El Midrash, en cambio, sugiere que la Kedushá de Dios es totalmente independiente de la Kedushá del pueblo hebreo. Dios es siempre Kadosh, mientras que la Kedushá del pueblo hebreo es una función de su apego a las Mitsvot. Shabat es un día Kadosh y cuando el hebreo observa las leyes de este día adquiere más Kedushá. O sea que la Kedushá no es el resultado de un encuentro trascendental entre el pueblo y Dios en el Sinaí, sino que es un proceso que evoluciona constantemente de acuerdo con la práctica de la ley enunciada en el Sinaí.

Mi maestro Joseph B. Soloveitchik se inclina por esta segunda posición y afirma que el pueblo hebreo produce, engendra la Kedushá a través de su comportamiento. Raphael Yarhi cita a Malbim, quien diferenció entre Am Segulá, un pueblo elegido y Goi Kadosh, la nación consagrada.

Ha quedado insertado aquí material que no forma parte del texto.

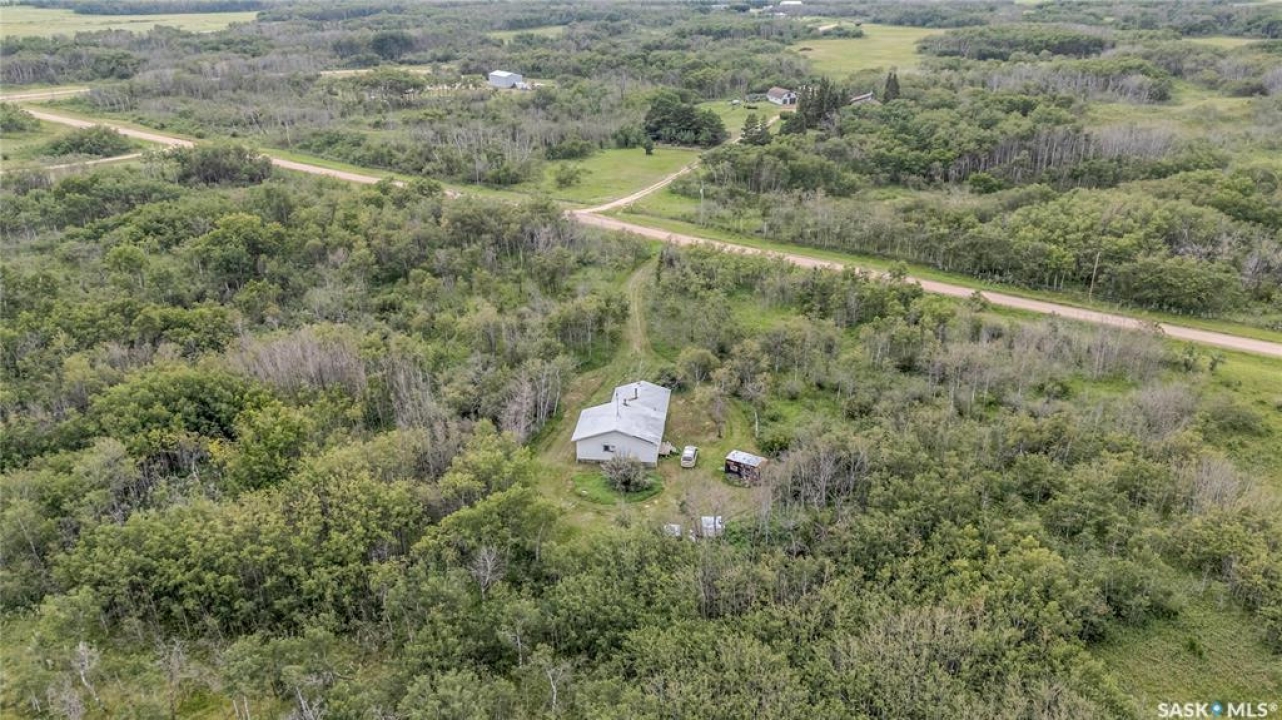 A rare opportunity to own10 acres just 15 minutes from Saskatoon, make this acreage your own personal sanctuary. Heavily covered by poplars, it's not uncommon to see deer, moose, fox, and a vast array of bird species. This 720 square foot bungalow is 1984 built, with an attached heated 26 X 36 shop for wood work, art studio or hobby space. Primary heat is two Osburn wood stoves and electric baseboards, natural gas to the property line & well water source. Features handmade oak & ash cabinets, custom stained glass door, 4 piece bathroom, front & back deck, and more!

De acuerdo con Malbim, Dios escogió al pueblo hebreo y lo convirtió en Am Segulá, pero el pueblo se elevó a sí mismo para ser Goi Kadosh. Y a través de esta Kedushá, el pueblo santifica a Dios, de tal manera que la Kedushá de Dios es una función de la Kedushá del pueblo. Eso quiere decir Kidush HaShem, la santificación del Nombre de Dios. Un acto de Kedushá del individuo produce el Kidush HaShem, la santificación de Dios. De esta manera se acentúa la relación entre la persona y Dios. Dios tiene influencia sobre la persona, pero la persona también deja un huella sobre Dios, “intensifica” la Kedushá de Dios a través de sus actos terrenales.